Credit decisions and line of credit

Credit–Scoring Systems

Quantitative approaches have been developed to estimate the ability of businesses to service credit granted to them; however, the final decision for most companies extending trade credit (credit granted from one business to another) rests on the credit analyst’s judgment in evaluating available information. Strictly numerical evaluation have been successful in determining the granting of credit to retail customers (consumer credit), where various characteristics of an individual are quantitatively rated and a credit decision is made on the basis of the total score. The plastic credit cards many of us hold are often given out on the basis of credit scoring system in which such things as occupation, duration of employment, home ownership, years of residence, and annual income are taken into account. Numerical rating systems are also being used by some companies extending trade credit. With the overall growth of trade credit, a number of companies are finding it worthwhile to use numerical credit scoring systems to identify clearly unacceptable and acceptable applicants. Credit analysts can then devote their energies to evaluating marginal applicants.

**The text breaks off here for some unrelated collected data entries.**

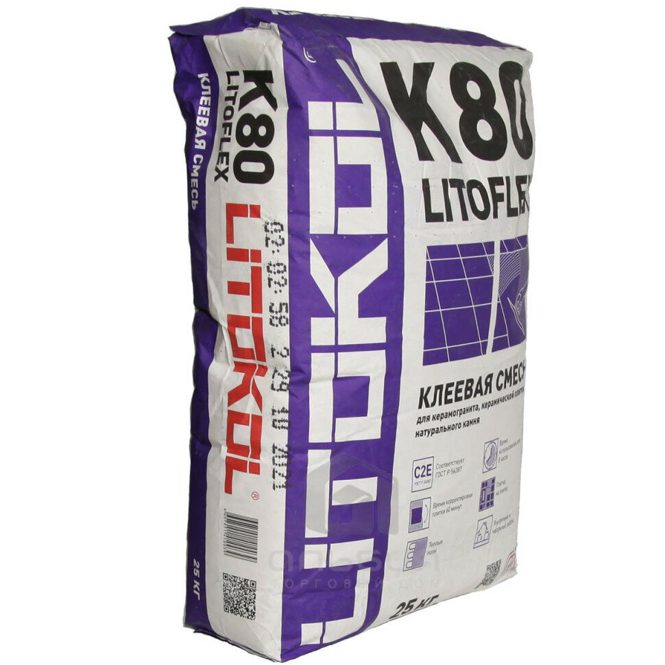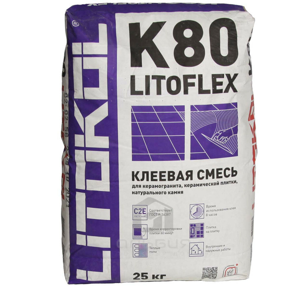 Клей для плитки для внутр. И наруж. Работ "LITOFLEX K80" 25 КГ (1/54) LITOKOL
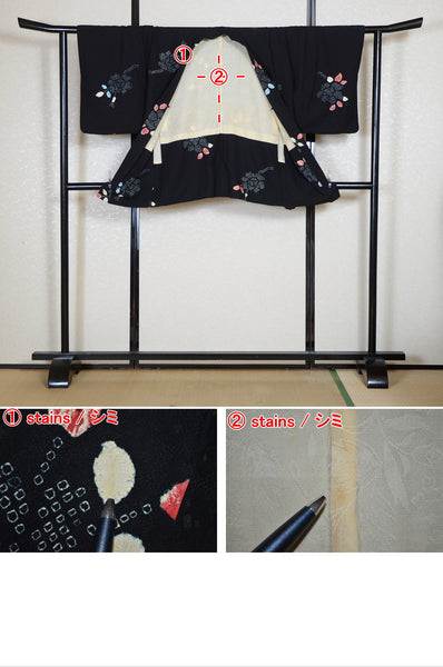 | This item is from a kimono auction where only a limited number of professional kimono buyers can participate. It is a one of a kind. Traditional kimono is likened to "wearable art" since dozens of artisans' techniques are used in one kimono. These traditional techniques and designs are breathtakingly beautiful and it is hard to find words to describe them. | |
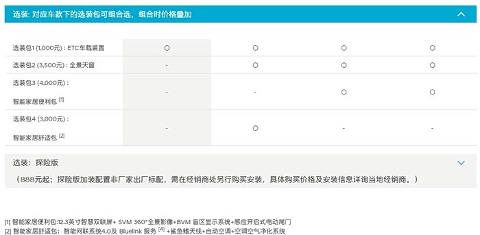 选装包4 (3,000元) :智能家居舒适包:智能网联系统4.0及 Bluelink 服务 [Bluelink 相关服务5年免费(含无限流量),仅限新车自购车日起一年内首次开通服务] +鲨鱼鳍天线+自动空调+空调空气净化系统
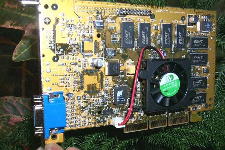 Отличительной чертой данной платы, бросающейся в глаза при первом осмотре RI70, является необычный установленный на чипсете активный кулер. Хотя по сути он такой же, как у большинства аналогов — низкий, утопленный в радиатор вентилятор, имеющий сильно загнутые лопасти, которые раздувают воздух по бокам, есть и отличия. Прежде всего то, что кулер в целом повыше и побольше, да и прорези для выхода горячего воздуха имеются по всему периметру радиатора, а не только по двум сторонам, как у многих других плат. Кулер крепится к видеокарте двумя пружинными зажимами. Между радиатором и чипом проложена теплопроводящая паста, призванная еще улучшить охлаждение чипа.
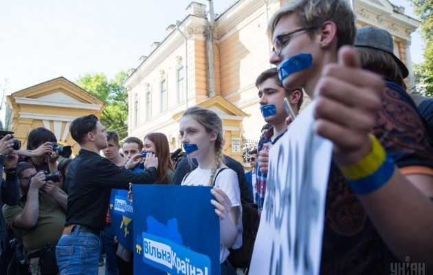 В Киеве несовершеннолетние пикетируют Администрацию президента Украины с требованием восстановить доступ к российским социальным сетям, пишет Униан.
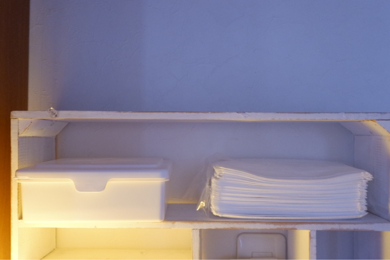 棚の上段にはペット用のウェットティッシュ&マスク。
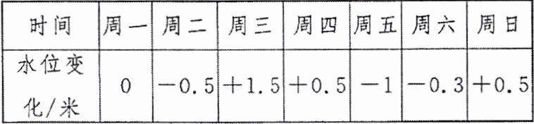 (2)周一的水位是30+0=30(米),周二的水位是30+(-0.5)=29.5(米),周三的水位是29.5+1.5=31(米),周四的水位是31+0.5=31.5(米),周五的水位是31.5+(-1)=30.5(米),周六的水位是30.5+(-0.3)=30.2(米),周日的水位是30.2+0.5=30.7(米),
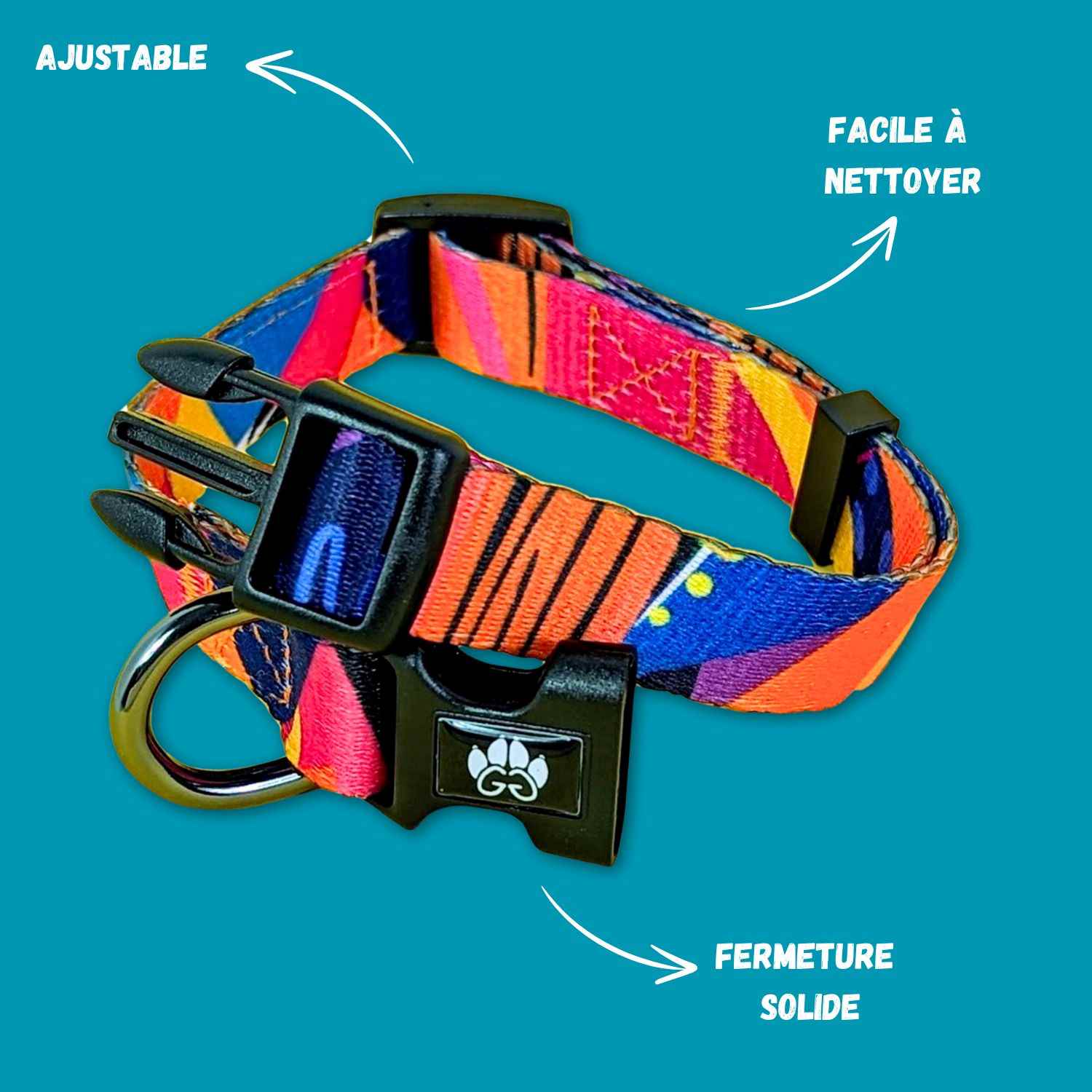 Available in different patterns, each one more original and trendy than the last. Discover for example the Récif dog collar, the Tropical dog collar, the Deep Agua dog collar or the Cactus dog collar without forgetting the Pastel dog collar.

Credit Decision and Line of Credit

Once the credit analysts has marshaled the necessary evidence and analyzed it, a decision must be reached about the disposition of the account. In an initial sale, the first decision to be made is whether or not to ship the goods and extend credit. If repeat sales are likely, the company will probably want to establish procedures so that it does not have to fully evaluate the extension of credit each time an order is received. One means of streaming the procedure is to establish a line of credit for an account. A line of credit is a maximum limit on the amount the firm will permit to be owed at any time. In essence, it represents the maximum risk exposure that the firm will allow to undergo for an account. The establishment of a credit line streamlines the procedure for shipping goods, but the line must be reevaluated on a regular basis to keep abreast of developments in the account. What was a satisfactory risk exposure today may be more or less satisfactory a year from today. Despite comprehensive credit procedures there will always be special cases that must be dealt with individually. Here a firm can streamline the operation by defining responsibilities clearly.

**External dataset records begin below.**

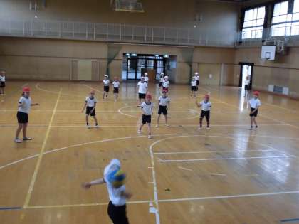 ドッチボールでは、女の子にも投げられるようにみんなで楽しく体育を行えました。
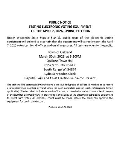 Welcome to the official website for the Town of Oakland in Douglas County. We are located approximately 11 miles south of Superior, Wisconsin, at 6152 S County Road K, South Range, WI 54874.
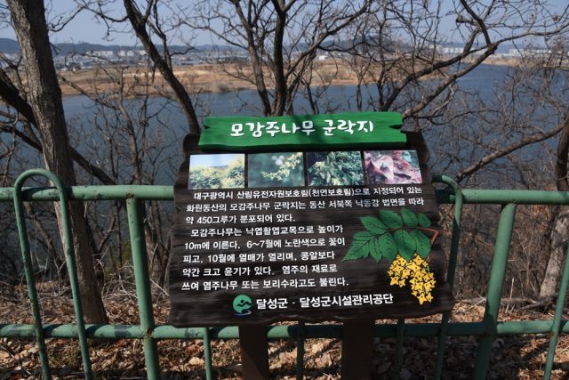모감주나무 군락지를 산림유전자보호림으로 지정해 보호하고 있다는 표식을 떡 하니 세워두었다. ⓒ 대구환경운동연합 정수근
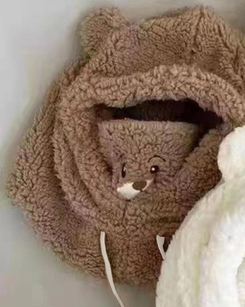 1pc Embroidery Cute Bear Fluffy Beanie Hat Scarf Mask Neck Warmer Set Drawstring Warm Hooded Winter Balaclava Pullover Hats
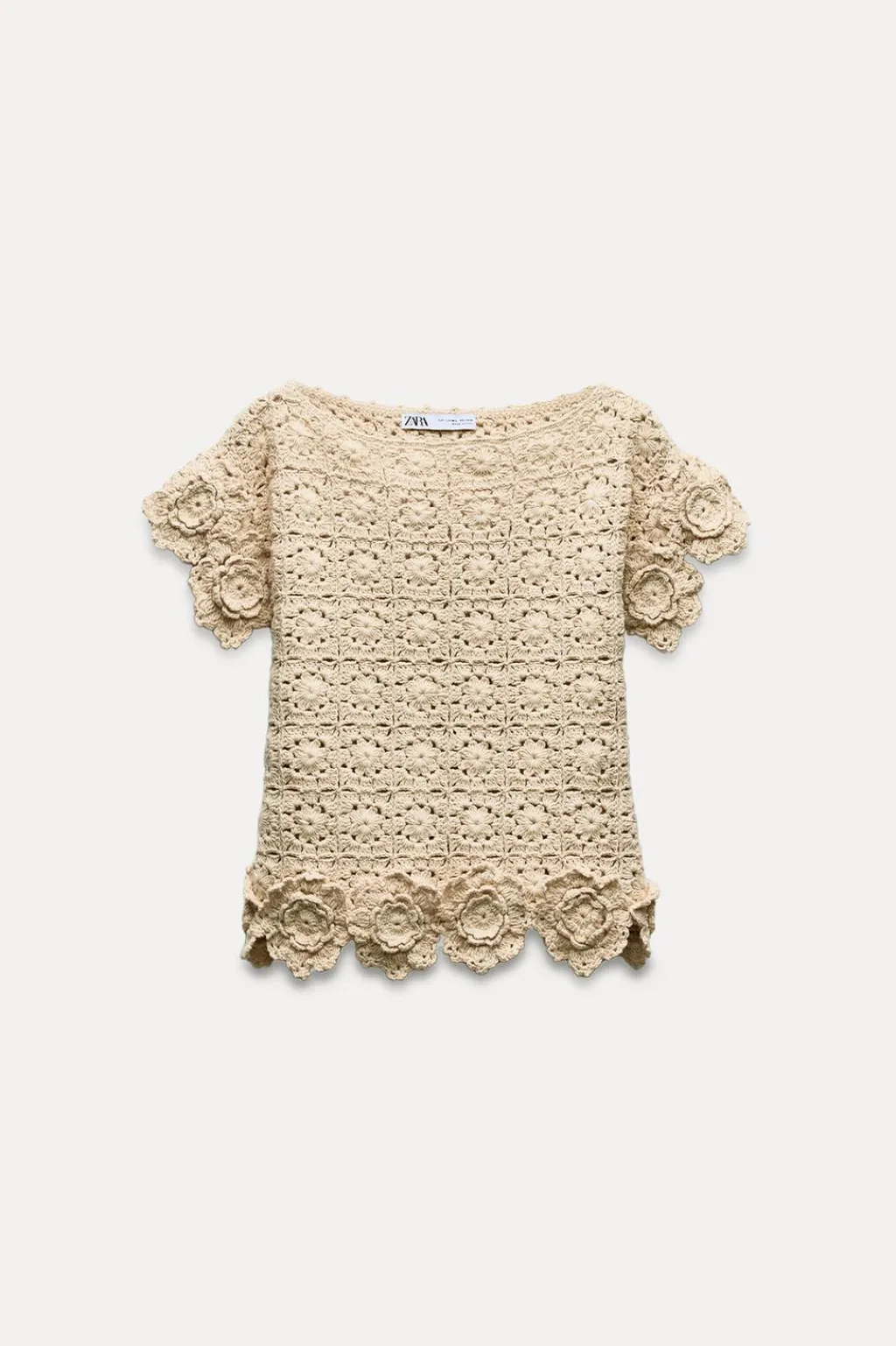 Top de cuello redondo amplio y manga corta. Detalle de acabados con tejido en estructura en forma de flor.

Outsourcing Credit and Collections

The entire credit/collection function can be outsourced (i.e. subcontracted to an outside firm). A number of third-party companies offer complete or partial services to corporations. Credit scoring system, together with other information, are used in deciding whether credit will be granted. Ledger accounts are maintained, payments processed, and collection efforts on tardy accounts are initiated. As with the outsourcing of any business function, it often comes down to a question of core competence. Where such internal competency does not exist or is inefficient, the decision even for large companies may be to buy the service on the outside. For small and medium-sized companies, credit and collections may simply prove too costly to do on one’s own.